■ Assignment:
Repeat exactly the line that contains "6月12日0時至24時,北京" and every line after it, down to the last line of the entries below. Do not include pictures.

■ Data to examine:

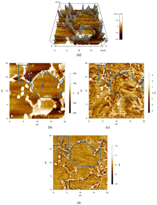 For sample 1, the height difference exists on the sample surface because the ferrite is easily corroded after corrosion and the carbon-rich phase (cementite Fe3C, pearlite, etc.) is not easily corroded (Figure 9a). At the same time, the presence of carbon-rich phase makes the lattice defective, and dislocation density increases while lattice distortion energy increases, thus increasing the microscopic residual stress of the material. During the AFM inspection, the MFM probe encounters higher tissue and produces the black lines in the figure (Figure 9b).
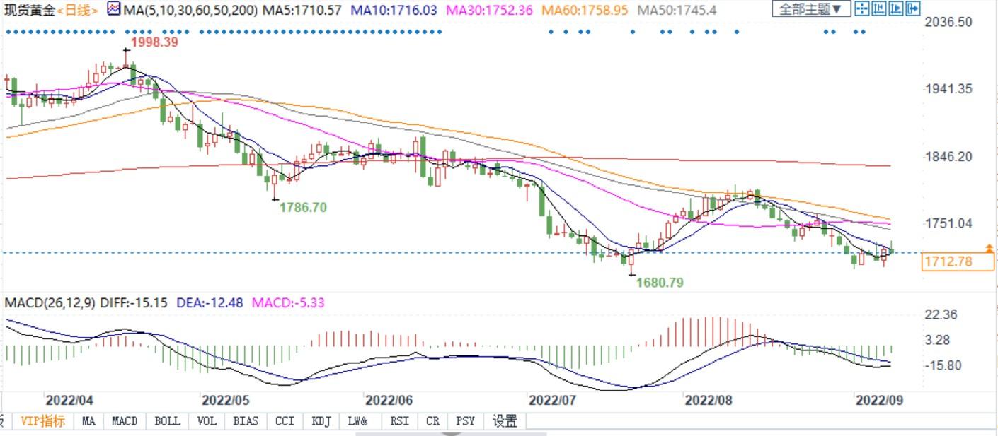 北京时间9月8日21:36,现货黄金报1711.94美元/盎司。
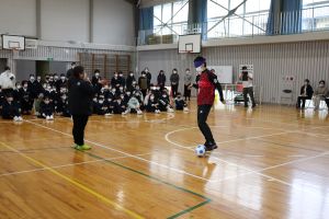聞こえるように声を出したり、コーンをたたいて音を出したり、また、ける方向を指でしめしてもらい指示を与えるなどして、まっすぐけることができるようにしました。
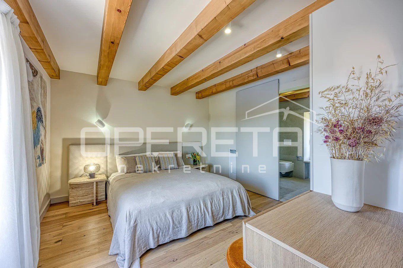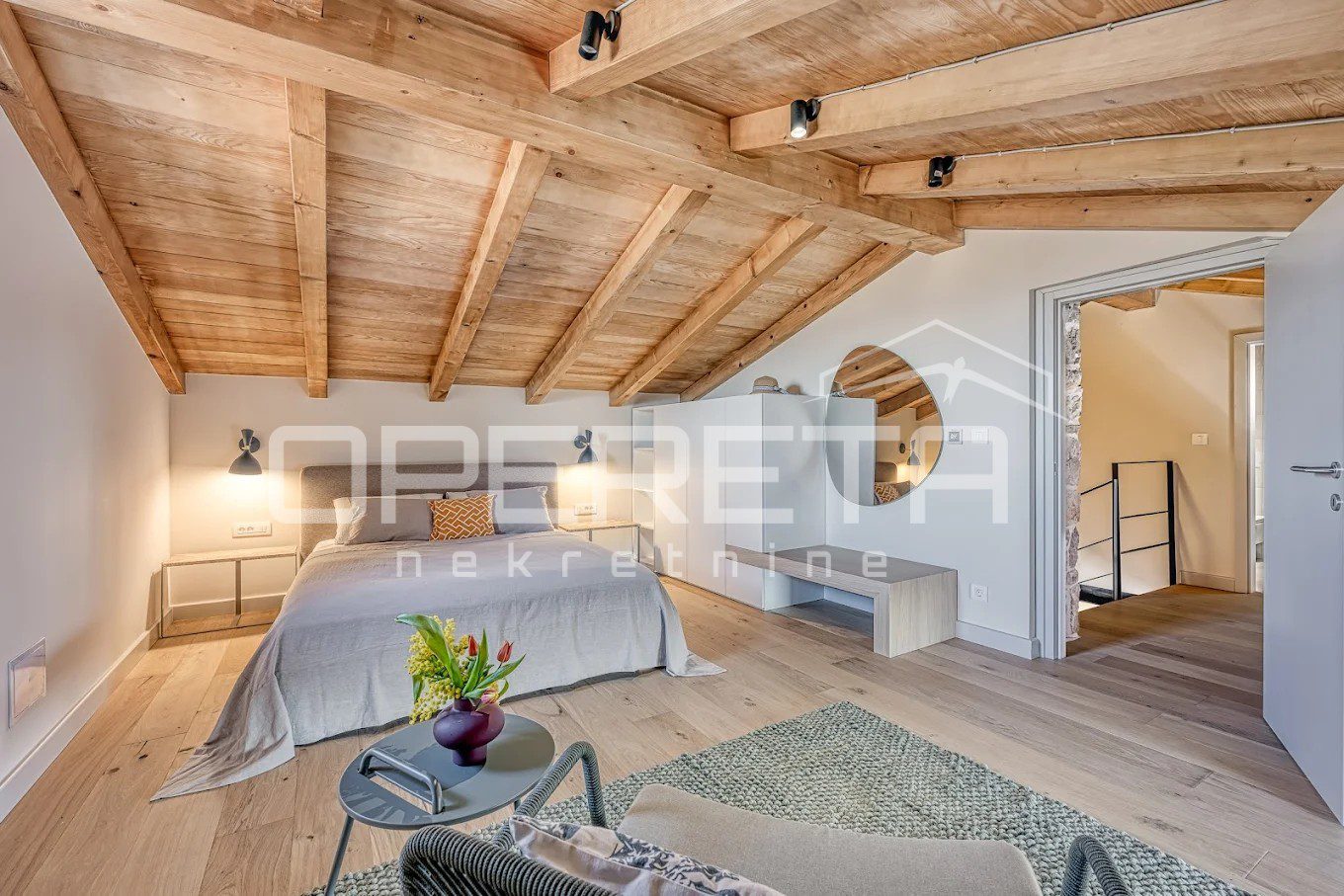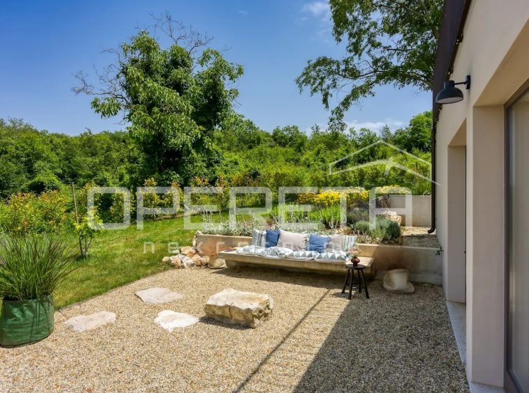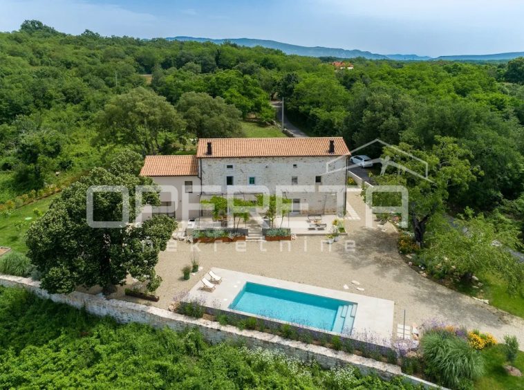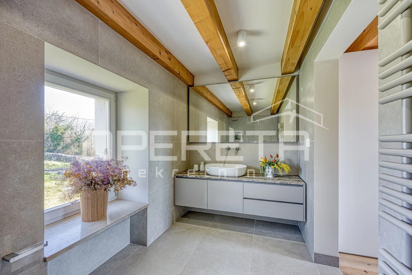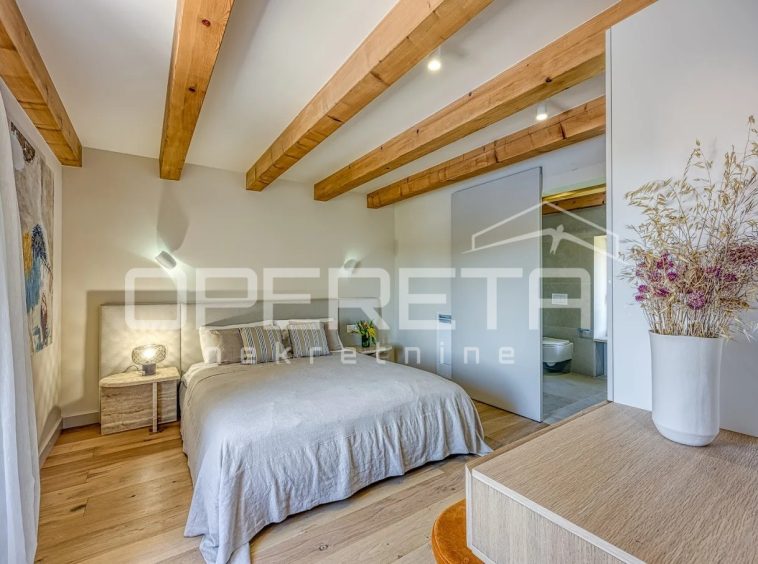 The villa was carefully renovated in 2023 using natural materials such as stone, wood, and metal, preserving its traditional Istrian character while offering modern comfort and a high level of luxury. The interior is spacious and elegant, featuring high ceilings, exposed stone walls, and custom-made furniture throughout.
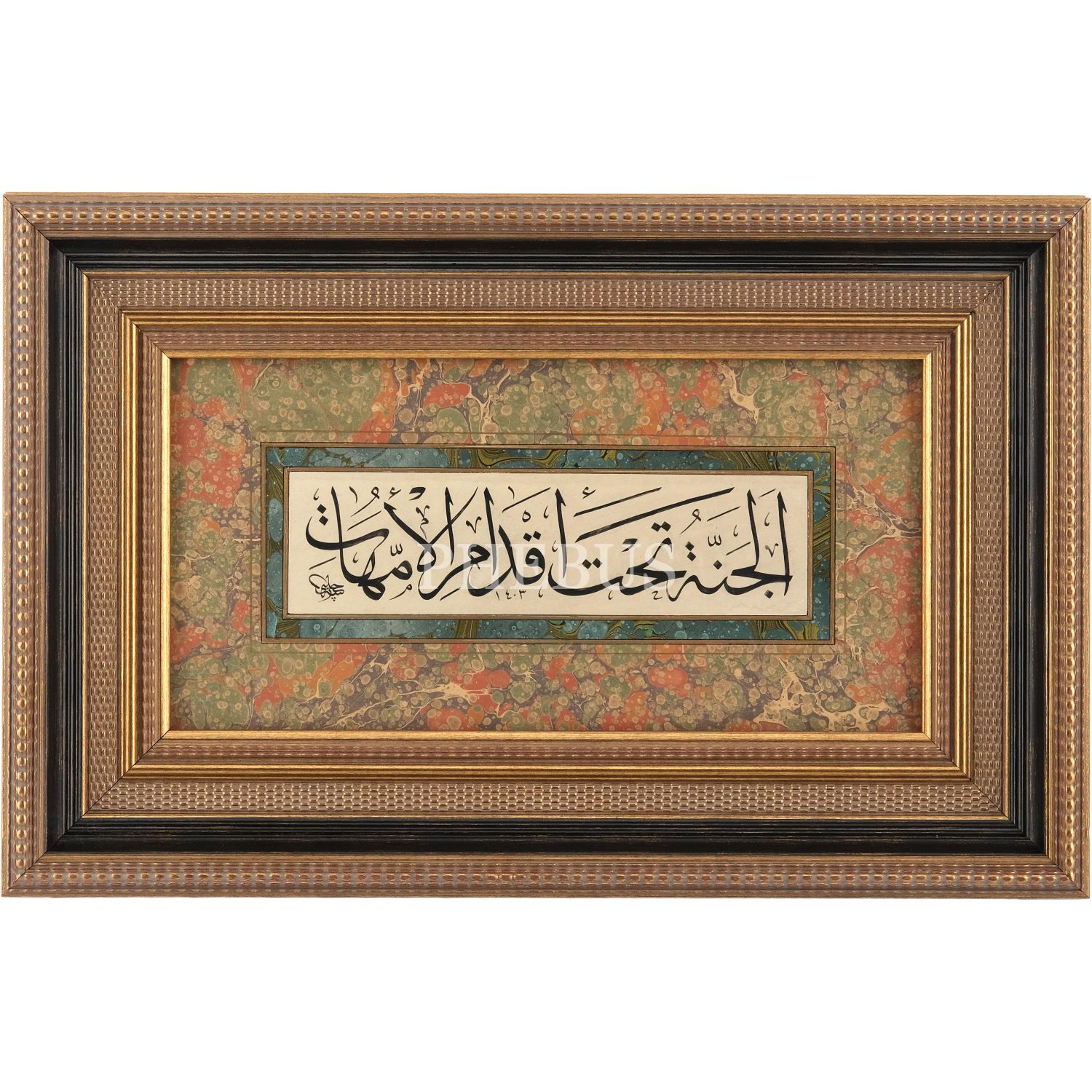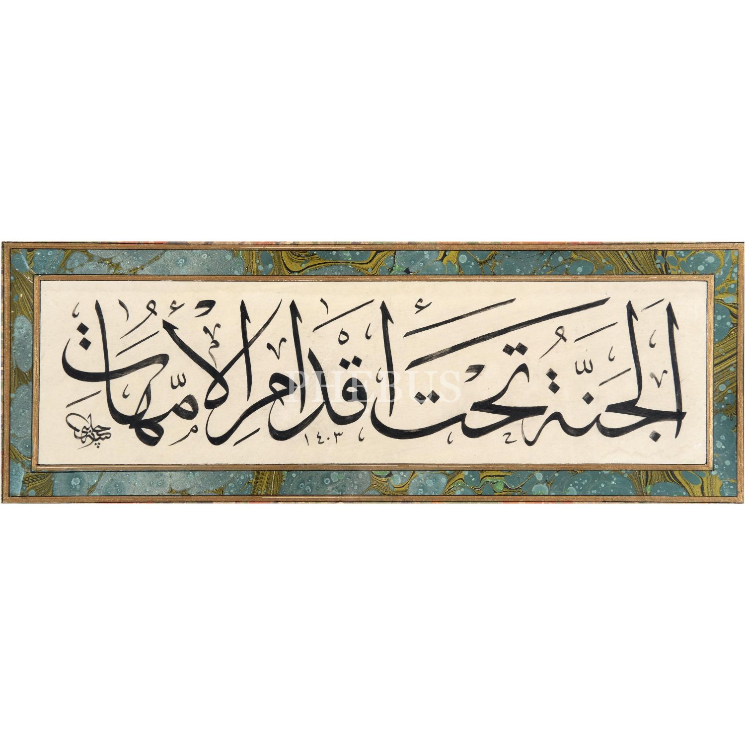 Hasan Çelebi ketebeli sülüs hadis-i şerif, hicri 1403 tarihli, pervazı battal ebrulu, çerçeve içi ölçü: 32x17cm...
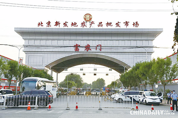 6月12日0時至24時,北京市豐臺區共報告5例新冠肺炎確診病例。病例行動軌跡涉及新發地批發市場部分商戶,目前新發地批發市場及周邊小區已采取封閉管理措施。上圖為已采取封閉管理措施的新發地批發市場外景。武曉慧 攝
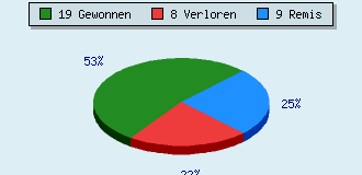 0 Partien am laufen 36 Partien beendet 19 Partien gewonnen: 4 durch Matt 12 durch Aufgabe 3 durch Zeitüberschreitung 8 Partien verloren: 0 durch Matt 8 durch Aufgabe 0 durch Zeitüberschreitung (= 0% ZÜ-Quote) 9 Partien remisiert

■ Exercise response:
 6月12日0時至24時,北京市豐臺區共報告5例新冠肺炎確診病例。病例行動軌跡涉及新發地批發市場部分商戶,目前新發地批發市場及周邊小區已采取封閉管理措施。上圖為已采取封閉管理措施的新發地批發市場外景。武曉慧 攝
 0 Partien am laufen 36 Partien beendet 19 Partien gewonnen: 4 durch Matt 12 durch Aufgabe 3 durch Zeitüberschreitung 8 Partien verloren: 0 durch Matt 8 durch Aufgabe 0 durch Zeitüberschreitung (= 0% ZÜ-Quote) 9 Partien remisiert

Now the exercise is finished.